So when you did that, were you actively testing your testers? Yes, OK. [LAUGHS] That is a good reason to write a bug, yeah. But that's about it, right? And yet, every bug is hand crafted, artisanal, made with care, one-off produced by some of the more brilliant and imaginative minds that we have out there.

So why do we make all those mistakes? Looking at it, I found there are a couple of reasons, and not many. But we've got some guides who can help us find these reasons. We will be in code in a little while. And I want two faces burned into your memory so that you can call out when those happen. So one is Inigo Montoya.

So the number one reason that developers write bugs is they're looking at some section of code they need to modify in order to change the behavior of the system, and this code does not do what they think it means. [LAUGHS] Yeah. When code is locally illegible, it's basically impossible to modify it without introducing a bug. As soon as my understanding of the code differs from the original artist's understanding, differs from the customer's understanding, differs from the computer's understanding, then it's just a matter of time.
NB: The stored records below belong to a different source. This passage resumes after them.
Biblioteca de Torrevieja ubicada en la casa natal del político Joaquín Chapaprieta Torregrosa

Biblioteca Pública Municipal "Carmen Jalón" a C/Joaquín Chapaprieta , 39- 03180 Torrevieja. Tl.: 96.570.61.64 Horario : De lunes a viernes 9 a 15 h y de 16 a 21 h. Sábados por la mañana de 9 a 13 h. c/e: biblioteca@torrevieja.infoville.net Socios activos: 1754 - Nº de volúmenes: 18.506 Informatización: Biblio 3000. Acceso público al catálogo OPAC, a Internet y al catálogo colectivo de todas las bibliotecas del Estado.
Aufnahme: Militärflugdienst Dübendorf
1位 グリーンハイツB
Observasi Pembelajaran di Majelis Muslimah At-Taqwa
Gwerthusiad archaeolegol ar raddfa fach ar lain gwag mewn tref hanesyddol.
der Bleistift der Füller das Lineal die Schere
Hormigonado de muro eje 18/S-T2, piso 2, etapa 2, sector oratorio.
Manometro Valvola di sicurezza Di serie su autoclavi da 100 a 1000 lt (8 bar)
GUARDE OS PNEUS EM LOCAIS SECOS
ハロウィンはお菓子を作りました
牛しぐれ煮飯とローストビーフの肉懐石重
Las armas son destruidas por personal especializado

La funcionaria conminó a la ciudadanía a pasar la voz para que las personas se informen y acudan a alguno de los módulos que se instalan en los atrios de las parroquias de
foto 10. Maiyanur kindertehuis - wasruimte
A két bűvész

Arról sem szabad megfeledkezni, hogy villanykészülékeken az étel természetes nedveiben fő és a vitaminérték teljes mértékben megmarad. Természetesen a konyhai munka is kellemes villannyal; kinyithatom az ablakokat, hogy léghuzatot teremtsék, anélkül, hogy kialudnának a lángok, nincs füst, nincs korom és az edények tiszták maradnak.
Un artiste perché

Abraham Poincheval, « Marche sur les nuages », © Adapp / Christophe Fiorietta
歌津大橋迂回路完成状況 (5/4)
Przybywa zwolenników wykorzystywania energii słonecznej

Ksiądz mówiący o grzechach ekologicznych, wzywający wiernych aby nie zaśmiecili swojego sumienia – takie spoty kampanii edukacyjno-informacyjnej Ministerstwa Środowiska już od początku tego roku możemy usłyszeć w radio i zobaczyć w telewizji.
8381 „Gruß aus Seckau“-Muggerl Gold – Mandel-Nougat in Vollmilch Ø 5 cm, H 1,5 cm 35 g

So the first thing that we need to do to eliminate bugs is to make code legible. And actually, taking this to an extreme, I was looking at some research that was done in the early '80s on sources of bugs. It was actually intended to be an argument for why C was a much more effective language to program in than the things prior to it.

And the argument they tried to make was that it lets people work at a higher level, and you should see fewer bugs. And so in the process of doing that, they had to look at all these bugs, and see what correlated with it, and so on. And lines of code was highly correlated with bugs. And so they said C is better, because it was fewer lines of code than almost anything except COBOL at the time to do similar sorts of jobs.

But they found there was an even stronger correlation. The number one predictor of a bug in those programs is something that we have eliminated now. And that was inconsistent white space. You are more likely to cause a bug by changing the characters that are not noticed by your compiler than by changing the ones that are, because as soon as you have a mixture of tabs and spaces in the same file, or the wrong number of tabs on a line, then humans read that code very differently from how the machines read it, and bug.

So this problem went away significantly as soon as we all switched to using IDEs that auto format on every edit and save, right? Tools. By the way, one of the great ways that you can make a choice to live a bug-ridden life is to use crappy tools. [LAUGHS] Your choice of tools is a choice of how many bugs you want to write, and how many bugs you want to debug over your career. And even really simple ones turn out to make a big difference.

Second source of bugs. [INAUDIBLE]. OK, so assume that we've got code that I can tell what the heck it's doing locally. And there's still another really common cause of bug. I read this code, it makes total sense. I understand it. I make a change. It's just that my understanding of this turns out to be legitimate in the one context that I was reading it in. But it's got unexpected dependencies or interactions with foreign parts of the system.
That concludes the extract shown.